# Found a hunney whole



## khurrum (Jul 28, 2004)

found a nice berry farm, owner is agry at the deer, he wants me to shoot some, discharge of single projectile is permitted, went scouting the other night, found 8 does and 2 bucks, any suggestions about how i should go about hunting this land? its mostly tall grasses. :beer:


----------



## SniperPride (Sep 20, 2004)

> discharge of single projectile is permitted


lol, well, you could use a rock, or a bullet, or an arrow. :wink: 
:sniper:


----------



## Azian (Jul 8, 2004)

use a potatoe gun :lol:


----------



## Remmi_&amp;_I (Dec 2, 2003)

Water Balloon Launcher! We can shoot water baloons almost a whole city block. Just ask our neighbors!!!!!!!!!!!!!!!!!!


----------



## agrotom (Sep 14, 2004)

A ground blind works as well as a tower stand.

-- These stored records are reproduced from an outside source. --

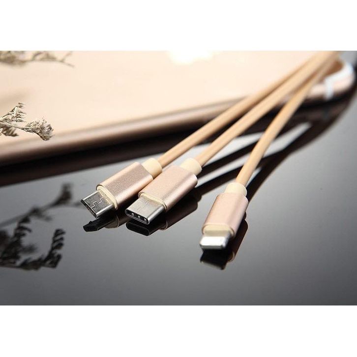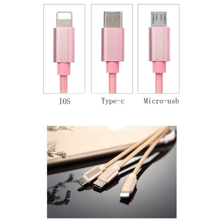 3 in 1 Charging Cable Fast Charge Micro USB Type-C iOS iPhone Android Lightning Braided Nylon Tinned Copper Data line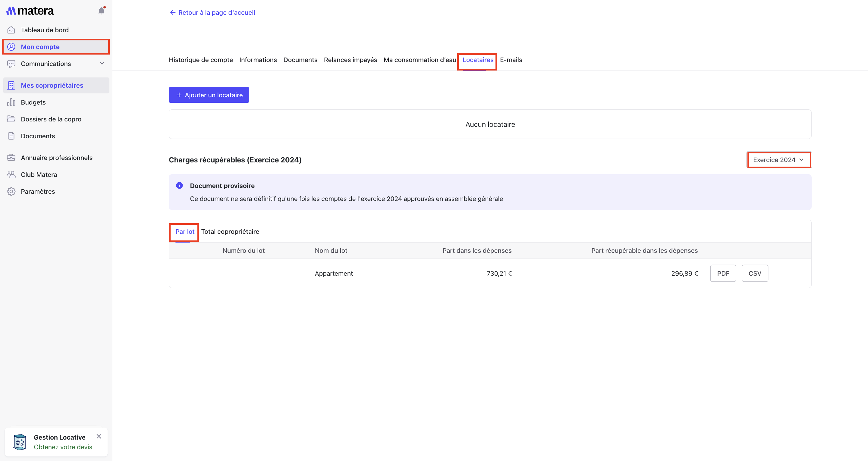 Le document peut par ailleurs être téléchargé par lot, via Mon compte > Locataires > par lot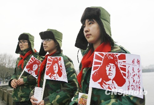 3月4日下午,中国美术学院青年志愿者协会的九名大学生头戴绿军帽,身穿迷彩服,脖系红领巾,手举“雷锋像”,走上杭州街头,用这样的行为艺术呼吁人们学习雷锋。中新社发 骆晓磊 摄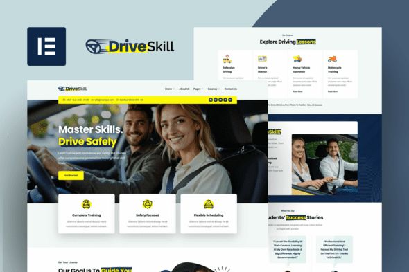 This highly customizable template kit includes a wide range of pre-designed pages, making it easy to tailor layouts, colors, and content to reflect your school’s brand and services. Whether you’re offering motorcycle training, defensive driving, or heavy vehicle operation, DriveSkill provides all the essential tools to promote your courses and connect with new learners.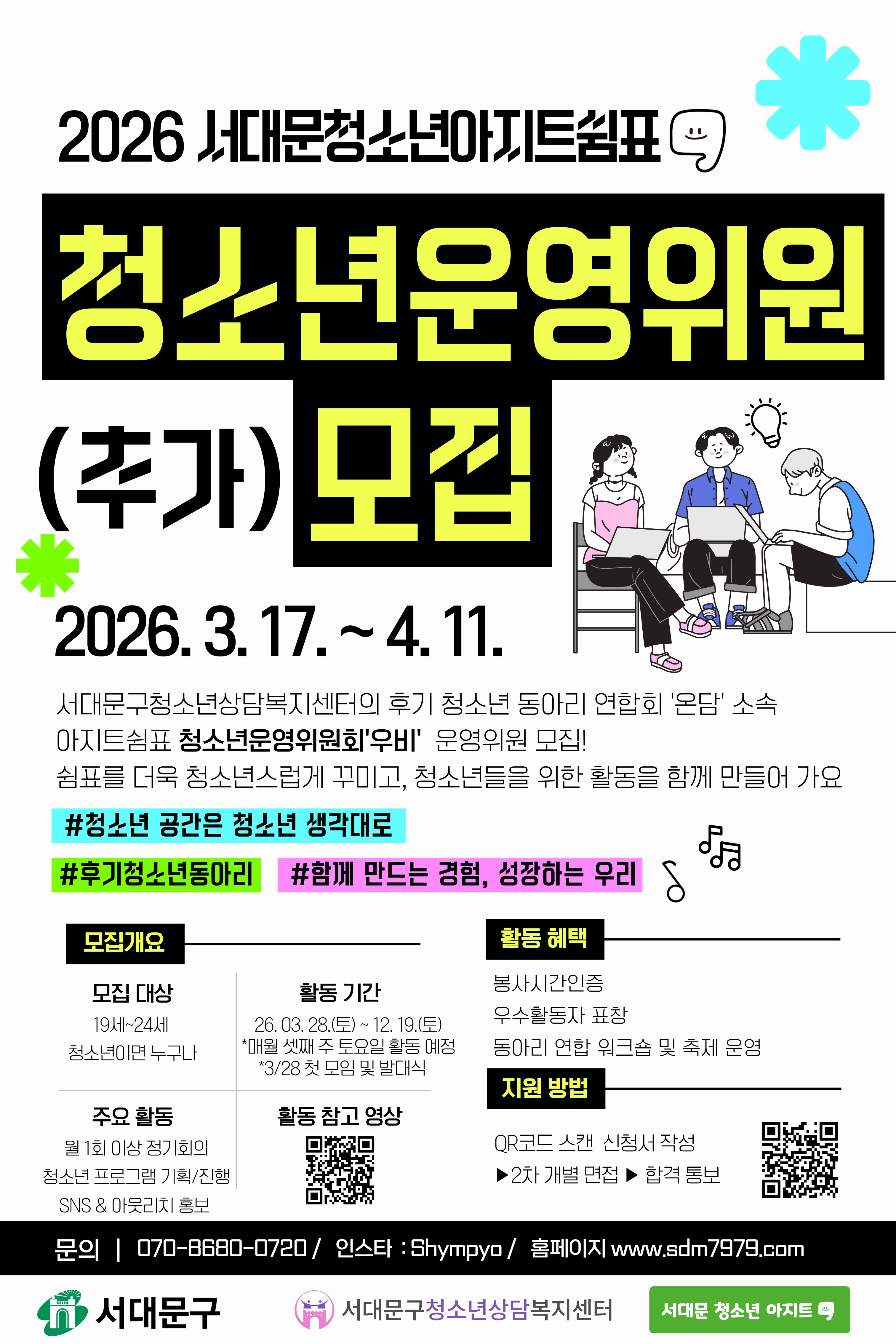2026년 서대문청소년아지트쉼표 청소년운영위원회'우비' (추가)모집

Try some salt licks or mineral blocks to get them where you whant them. :sniper:


----------



## khurrum (Jul 28, 2004)

what i meant was, how should i save the land, and avoid scaring away the deer, but recently i found out that on the other side of the fence is canadian crown land, and thats very all the deer are comming from, so i got it made no matter how hard i hunt the land!


----------



## dlip (May 16, 2004)

go scouting and find what trails the deer travels, and get up atop a tree or hill and pick em off, heck, if its a 'need to kill' situation, id get some baits (deer corn, mineral licks, heck, cut up some apples" and get some scent lures, the farmer wants the deer out, so get them out


----------